WHAT IS REQUIRED: From the first line of the entries down to the line with "Red/ivory Throw Blanket", write out every line exactly; that last line counts, but pictures do not.

Records from a collection:
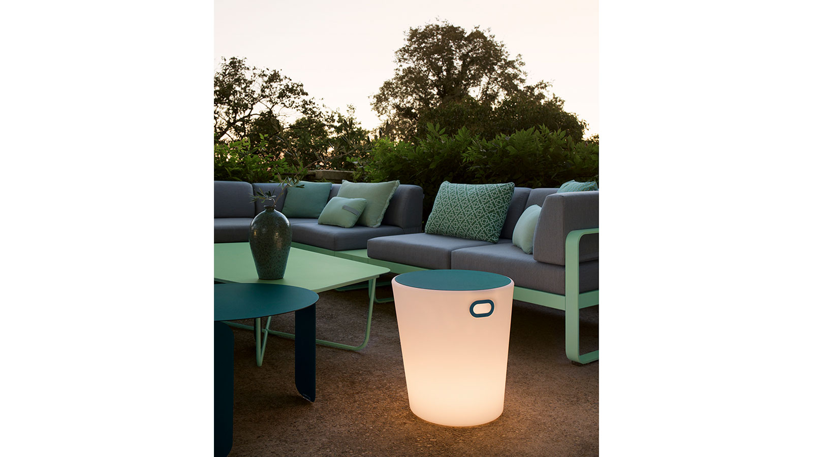 Steuerung über Schalter oder auf Entfernung über integriertes, mit der Anwendung „Fermob lighting“ kompatibles Bluetoothsystem,
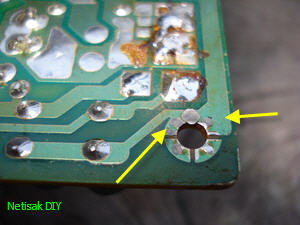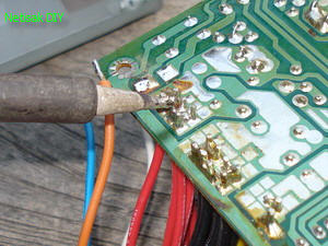 - เอาหัวแร้งร้อนๆ จี้ตะกั่วบนแผ่นปริ้นต์ ดึงสายไฟออก
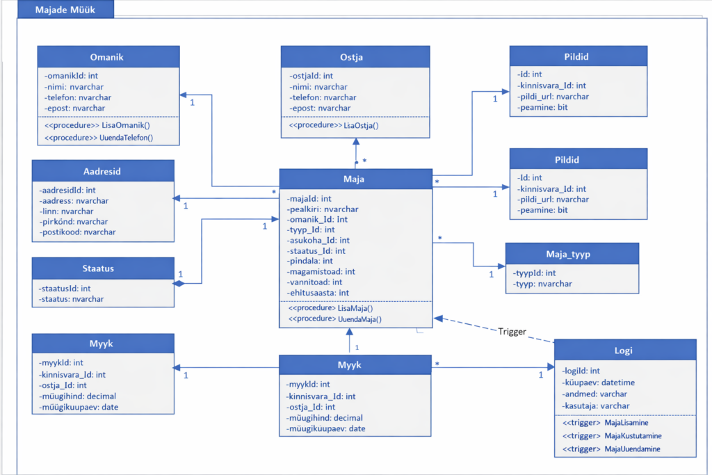 Diagramm kujutab Majade müük andmebaasi struktuuri ja seoseid erinevate tabelite vahel, mis haldavad kinnisvara müügi protsessi.
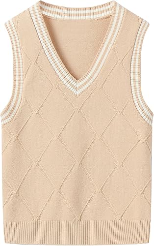 Boys Girls V Neck Cable Knit Sweater Vest Cotton Striped Trim Argyle School Uniform Vests 3T-8Y
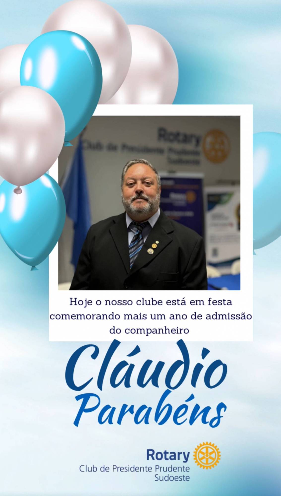 Neste aniversário de admissão, o Rotary Club de Presidente Prudente Sudoeste reafirma sua admiração e gratidão ao companheiro Cláudio Albino dos Santos. Que sua jornada continue sendo guiada pelo lema rotário “Dar de Si Antes de Pensar em Si”, e que muitos outros anos de serviço venham pela frente.
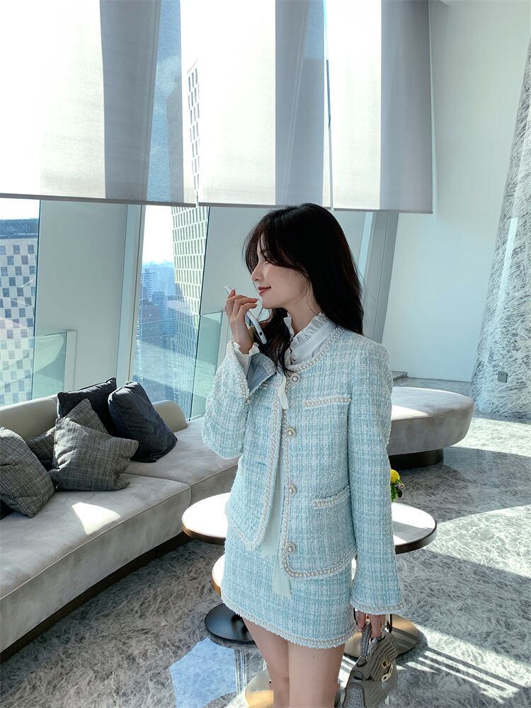 秋冬フルスリーブクルーツイードジャケットラップヒップミニチェック柄スカートセットツーピース衣装ウールコート オータム 秋物 ウィンター 冬物
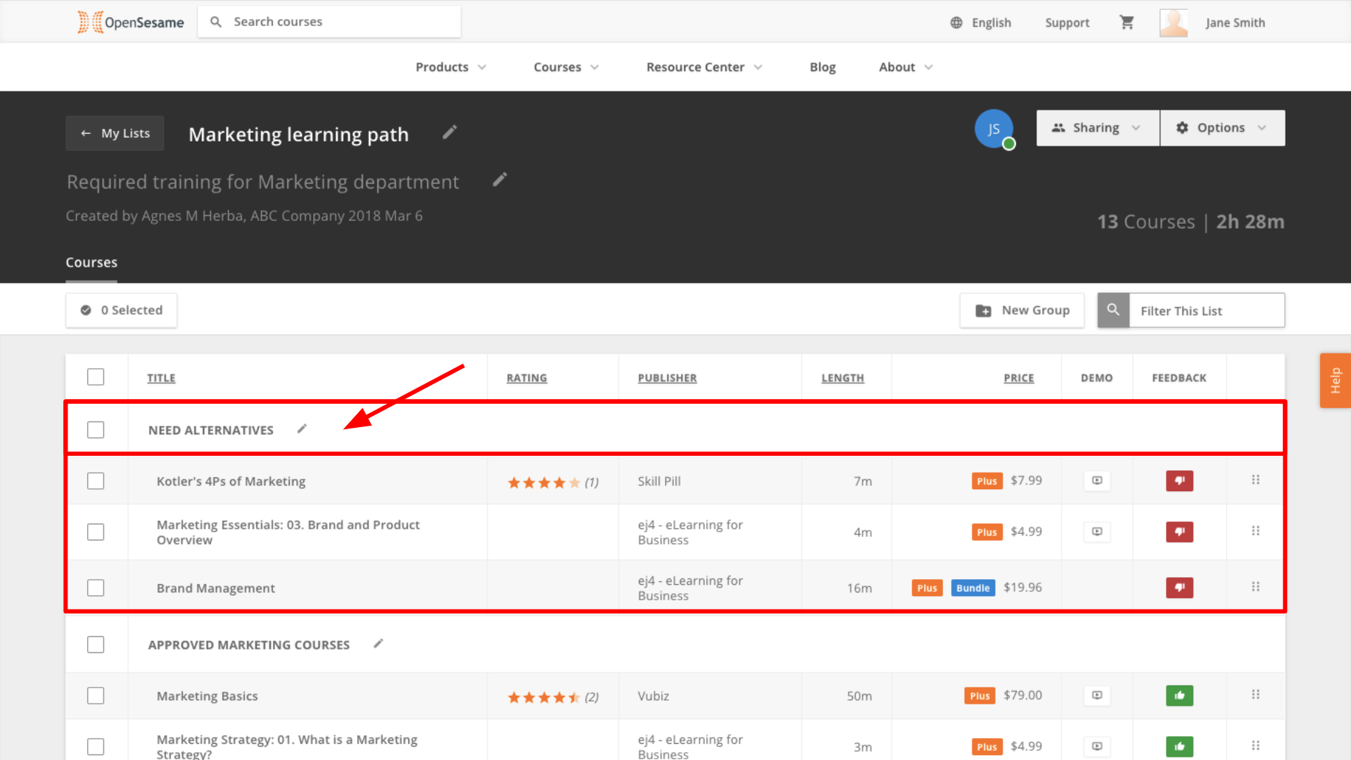 List Admins and Editors can use the feedback and notes provided by collaborators to decide whether the course is a good fit for the organization. You may want to consolidate courses that need to be replaced into a group like the “Need alternatives” example below. To create a new group, click the New Group button, enter a group name, and click the green checkmark. To reorder courses within groups, simply drag courses to the appropriate group using the move icon
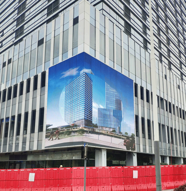 西面商業(yè)外街展示區(qū)作為大廈的重點(diǎn)打造區(qū)域,兩旁綠植與極具現(xiàn)代風(fēng)格的LOGO相互映襯,而大廈轉(zhuǎn)角處的LED無縫轉(zhuǎn)角屏的加入則成為了大廈的點(diǎn)睛之筆。這塊由元亨光電打造的面積達(dá)221平米的超大型轉(zhuǎn)角屏,采用元亨光電無縫轉(zhuǎn)角專利技術(shù),在轉(zhuǎn)角處巧妙利用尖角過渡模組,將兩塊顯示屏連接在一起,使顯示屏完全貼合建筑90°轉(zhuǎn)角墻面,并且兼顧轉(zhuǎn)角處平滑無縫過渡,消除傳統(tǒng)拼接轉(zhuǎn)角不可避免的黑縫問題,完美呈現(xiàn)整屏立體式效果。
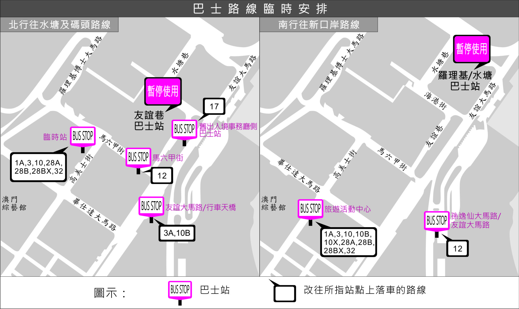 同時,“友誼巷”站亦暫停使用,多條路線需作繞道:北行往水塘及外港碼頭方向的1A、3、10、28A、28B、28BX及32路線在停靠“理工學院”站後,改於高美士街近馬六甲街停車場的臨時巴士站停靠;12路線及17路線在停靠“孫逸仙大馬路/金沙”站後,12路線改停靠“馬六甲街”站,17路線改停靠友誼大馬路舊出入出入境事務廳側的巴士站。搭乘3A及10B路線的乘客則請改往“友誼馬路/行車天橋”站上落車。
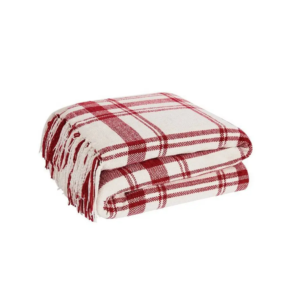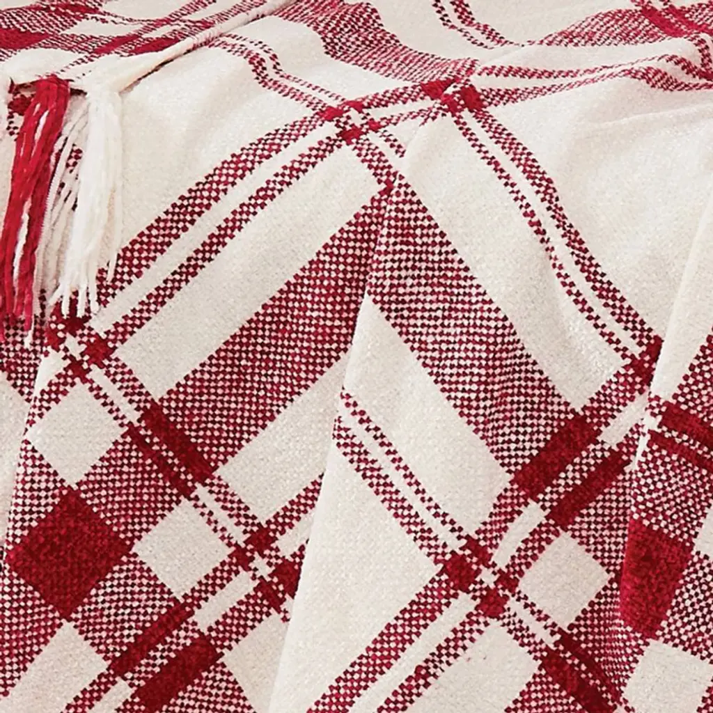 Truly Soft 50"x70" Plaid Chenille Red/ivory Throw Blanket
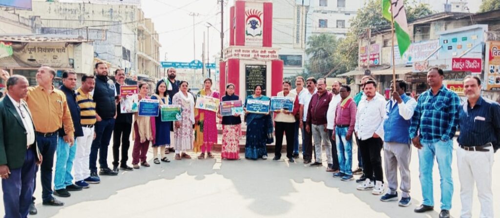 रायगढ़ जिला कांग्रेस कमेटी रायगढ के अध्यक्ष अनिल शुक्ला के नेतृत्व में 13 दिसंबर 2024 को प्रदेश भाजपा सरकार के 1 वर्ष के कार्यकाल लचर कानून व्यवस्था और जनहित के मुद्दों की अनदेखी कर पूर्ण होने पर हुई आमजनों की बदहाली को लेकर आज बैनर ब पोस्टरों के साथ बड़ी संख्या में कांग्रेस कार्यकर्तागण व प्रकोष्ठ पदाधिकारी गण कांग्रेस भवन रायगढ से पोस्टर प्रदर्शन मार्च करते हुए बेटी बचाओ बेटी पढ़ाओ रेलवे स्टेशन चौराहे पहुंचे तत्पश्चात गांधी जी की प्रतिमा पहुंचे।जहां प्रदेश बीजेपी की बिष्णुदेव सरकार के खिलाफ मौन होकर पोस्टर बैनर प्रदर्शन कार्यक्रम हुआ।पोस्टर बैनर प्रदर्शन कार्यक्रम के बारे में जिला कांग्रेस अध्यक्ष अनिल शुक्ला ने बताया कि प्रदेश में भाजपा सरकार का एक वर्ष का कार्यकाल आज पूर्ण हो रहा है। एक वर्ष के इस कार्यकाल में प्रदेश में कानून-व्यवस्था सहित विभिन्न जनहित के मुद्दों से आम जनता बदहाल हो चुकी हैं। प्रदेश कांग्रेस कमेटी के माननीय अध्यक्ष दीपक बैज जी ने राज्य भाजपा सरकार की एक वर्ष के असफल कार्यकाल में बेहाल हुयी छत्तीसगढ़ की स्थिति को आमजनता तक पहुंचाने के उद्देश्य से 13 दिसम्बर से चरणबध्द आंदोलन किये जाने का निर्णय लिया गया है, जिसके तहत आज जिला कांग्रेस कमेटी द्वारा पोस्टर बैनर प्रदर्शन का कार्यक्रम किया गया है। वही प्रदेश के समस्त जिला मुख्यालयों में आज 1 घंटे का का कार्यक्रम सरकार की बदहाली को लेकर पोस्टर प्रदर्शन किया जा रहा है, जिसके तहत शहर के मुख्य चौक-चौराहों पर कांग्रेसजन भाजपा सरकार के विभिन्न विफलताओं बलौदाबाजार अग्निकाण्ड, लोहारीडीह हत्याकाण्ड, बलरामपुर पुलिस अभिरक्षा में हुयी मौत, आदिवासी फर्जी मुठभेड, हसदेव जंगल कटाई, महिलाओं के साथ हो रही अनाचार, प्रदेश में बदहाल कानून-व्यवस्था जैसे प्रमुख मुद्दों को लेकर मौन-प्रदर्शन करने का उद्देश्य आमजनता का ध्यान बीजेपी सरकार की विफलता पर आकृष्ट कराया जाना है।अनिल शुक्ला ने आगे बताया कि इस चरणबद्ध कार्यक्रमों में 14 दिसंबर को महिला कांग्रेस, 15 दिसंबर को एन.एस.यू.आई.,16 दिसंबर को युवक कांग्रेस व 17 दिसंबर को किसान कांग्रेस के पदाधिकारी गण प्रदेश सरकार की लचर कानून व्यवस्था व आमजनों की बदहाली के 1 वर्ष पूर्ण होने पर पोस्टर बैनर प्रदर्शन करेंगे।आज इस कार्यक्रम में मुख्य रूप से पूर्व शहर कांग्रेस अध्यक्ष दीपक पांडेय,जिला कांग्रेस अध्यक्ष अनिल शुक्ला,महापौर जानकी काटजू,नारायण घोरे पूर्व एल्डरमैन, प्रभारी महामन्त्री जिला कांग्रेस शाखा यादव,नगर कांग्रेस अध्यक्ष द्वय विकास ठेठवार व मदन महन्त,रानी चौहान महिला कांग्रेस अध्यक्ष,संतोष बोहिदार,शेख ताजीम,सेवादल संगठक शकील अहमद,राजेश भारद्वाज,सूरज उपाध्याय,मि

ANSWER SPACE:
 Steuerung über Schalter oder auf Entfernung über integriertes, mit der Anwendung „Fermob lighting“ kompatibles Bluetoothsystem,
 - เอาหัวแร้งร้อนๆ จี้ตะกั่วบนแผ่นปริ้นต์ ดึงสายไฟออก
 Diagramm kujutab Majade müük andmebaasi struktuuri ja seoseid erinevate tabelite vahel, mis haldavad kinnisvara müügi protsessi.
 Boys Girls V Neck Cable Knit Sweater Vest Cotton Striped Trim Argyle School Uniform Vests 3T-8Y
 Neste aniversário de admissão, o Rotary Club de Presidente Prudente Sudoeste reafirma sua admiração e gratidão ao companheiro Cláudio Albino dos Santos. Que sua jornada continue sendo guiada pelo lema rotário “Dar de Si Antes de Pensar em Si”, e que muitos outros anos de serviço venham pela frente.
 秋冬フルスリーブクルーツイードジャケットラップヒップミニチェック柄スカートセットツーピース衣装ウールコート オータム 秋物 ウィンター 冬物
 List Admins and Editors can use the feedback and notes provided by collaborators to decide whether the course is a good fit for the organization. You may want to consolidate courses that need to be replaced into a group like the “Need alternatives” example below. To create a new group, click the New Group button, enter a group name, and click the green checkmark. To reorder courses within groups, simply drag courses to the appropriate group using the move icon
 西面商業(yè)外街展示區(qū)作為大廈的重點(diǎn)打造區(qū)域,兩旁綠植與極具現(xiàn)代風(fēng)格的LOGO相互映襯,而大廈轉(zhuǎn)角處的LED無縫轉(zhuǎn)角屏的加入則成為了大廈的點(diǎn)睛之筆。這塊由元亨光電打造的面積達(dá)221平米的超大型轉(zhuǎn)角屏,采用元亨光電無縫轉(zhuǎn)角專利技術(shù),在轉(zhuǎn)角處巧妙利用尖角過渡模組,將兩塊顯示屏連接在一起,使顯示屏完全貼合建筑90°轉(zhuǎn)角墻面,并且兼顧轉(zhuǎn)角處平滑無縫過渡,消除傳統(tǒng)拼接轉(zhuǎn)角不可避免的黑縫問題,完美呈現(xiàn)整屏立體式效果。
 同時,“友誼巷”站亦暫停使用,多條路線需作繞道:北行往水塘及外港碼頭方向的1A、3、10、28A、28B、28BX及32路線在停靠“理工學院”站後,改於高美士街近馬六甲街停車場的臨時巴士站停靠;12路線及17路線在停靠“孫逸仙大馬路/金沙”站後,12路線改停靠“馬六甲街”站,17路線改停靠友誼大馬路舊出入出入境事務廳側的巴士站。搭乘3A及10B路線的乘客則請改往“友誼馬路/行車天橋”站上落車。
 Truly Soft 50"x70" Plaid Chenille Red/ivory Throw Blanket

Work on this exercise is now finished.